Linear Models and GLMs — Implementation

Goal

Implement linear and generalised linear models end-to-end: data prep, fitting, evaluation, and serialisation.

Conceptual Counterpart

Purpose

Practical implementation of linear and generalised linear models with scikit-learn and statsmodels.
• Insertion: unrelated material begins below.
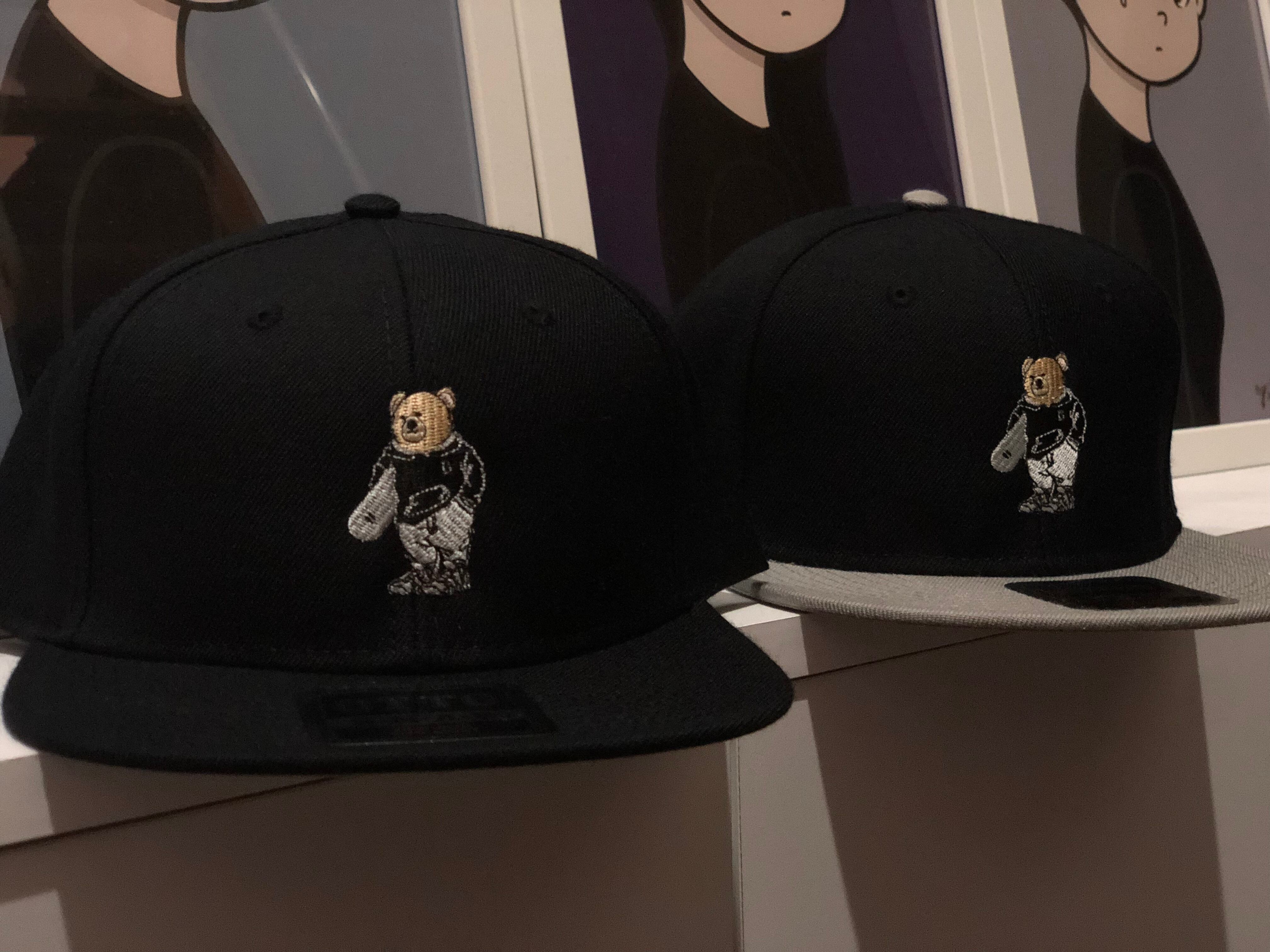 スケボー持っている熊(MO®️E BEAデザイン)とパーカーに手を突っ込んでいる熊(FO®️CE BEAデザイン)の2種類あります。

Synthesised from Linear Models & GLMs.

Examples

  • OLS, Ridge, Lasso, ElasticNet regression
  • Logistic regression (binary and multi-class)
  • Tweedie/Gamma GLM for insurance-style count/severity targets

Architecture

Raw features → ColumnTransformer (scale / encode)
             → Linear estimator (sklearn or statsmodels)
             → Threshold / inverse-link → predictions

Implementation

Setup

pip install scikit-learn statsmodels

OLS and Regularised Regression

import numpy as np
from sklearn.linear_model import Ridge, Lasso, ElasticNet
from sklearn.preprocessing import StandardScaler
from sklearn.pipeline import Pipeline
from sklearn.datasets import fetch_california_housing
from sklearn.model_selection import cross_val_score
 
X, y = fetch_california_housing(return_X_y=True)
 
# Ridge (L2) — automatically handles multicollinearity
ridge = Pipeline([("scaler", StandardScaler()), ("model", Ridge(alpha=1.0))])
cv_r2 = cross_val_score(ridge, X, y, cv=5, scoring="r2")
print(f"Ridge CV R²: {cv_r2.mean():.3f} ± {cv_r2.std():.3f}")
 
# Lasso (L1) — sparse solutions
lasso = Pipeline([("scaler", StandardScaler()), ("model", Lasso(alpha=0.01))])
 
# ElasticNet — combined
enet = Pipeline([
    ("scaler", StandardScaler()),
    ("model", ElasticNet(alpha=0.01, l1_ratio=0.5))
])

Selecting alpha with cross-validation:

from sklearn.linear_model import RidgeCV, LassoCV
 
lasso_cv = Pipeline([
    ("scaler", StandardScaler()),
    ("model", LassoCV(cv=5, alphas=np.logspace(-4, 2, 50)))
])
lasso_cv.fit(X, y)
print("Best alpha:", lasso_cv["model"].alpha_)
print("Non-zero coefficients:", np.sum(lasso_cv["model"].coef_ != 0))

Logistic Regression

from sklearn.linear_model import LogisticRegression
from sklearn.datasets import load_breast_cancer
from sklearn.metrics import classification_report, roc_auc_score
 
X, y = load_breast_cancer(return_X_y=True)
 
clf = Pipeline([
    ("scaler", StandardScaler()),
    ("model", LogisticRegression(
        C=1.0,          # inverse regularisation strength
        penalty="l2",   # or "l1", "elasticnet"
        solver="lbfgs",
        max_iter=200
    ))
])
clf.fit(X_train, y_train)
proba = clf.predict_proba(X_test)[:, 1]
print(f"AUC: {roc_auc_score(y_test, proba):.3f}")
print(classification_report(y_test, clf.predict(X_test)))

Multi-class (multinomial):

LogisticRegression(multi_class="multinomial", solver="lbfgs")

GLMs with statsmodels (Tweedie / Gamma)

import statsmodels.api as sm
 
# Gamma GLM for continuous positive target (e.g., claim severity)
X_sm = sm.add_constant(X_train)
glm = sm.GLM(y_train, X_sm, family=sm.families.Gamma(sm.families.links.Log()))
res = glm.fit()
print(res.summary())
y_pred = res.predict(sm.add_constant(X_test))
 
# Tweedie (p=1.5 → compound Poisson-Gamma for pure premium)
glm_tw = sm.GLM(
    y_train, X_sm,
    family=sm.families.Tweedie(var_power=1.5, link=sm.families.links.Log())
)
res_tw = glm_tw.fit()

Coefficient Inspection

import pandas as pd
 
coef_df = pd.DataFrame({
    "feature": feature_names,
    "coefficient": clf["model"].coef_[0],
    "abs": np.abs(clf["model"].coef_[0])
}).sort_values("abs", ascending=False)
print(coef_df.head(10))

Trade-offs

  • Ridge never produces exactly zero coefficients; Lasso does — prefer Lasso when feature selection matters.
  • Logistic regression is fast, interpretable, well-calibrated with Platt scaling; use as a strong baseline.
  • Statsmodels GLM provides inference (p-values, CIs) that sklearn does not — important for regulated use.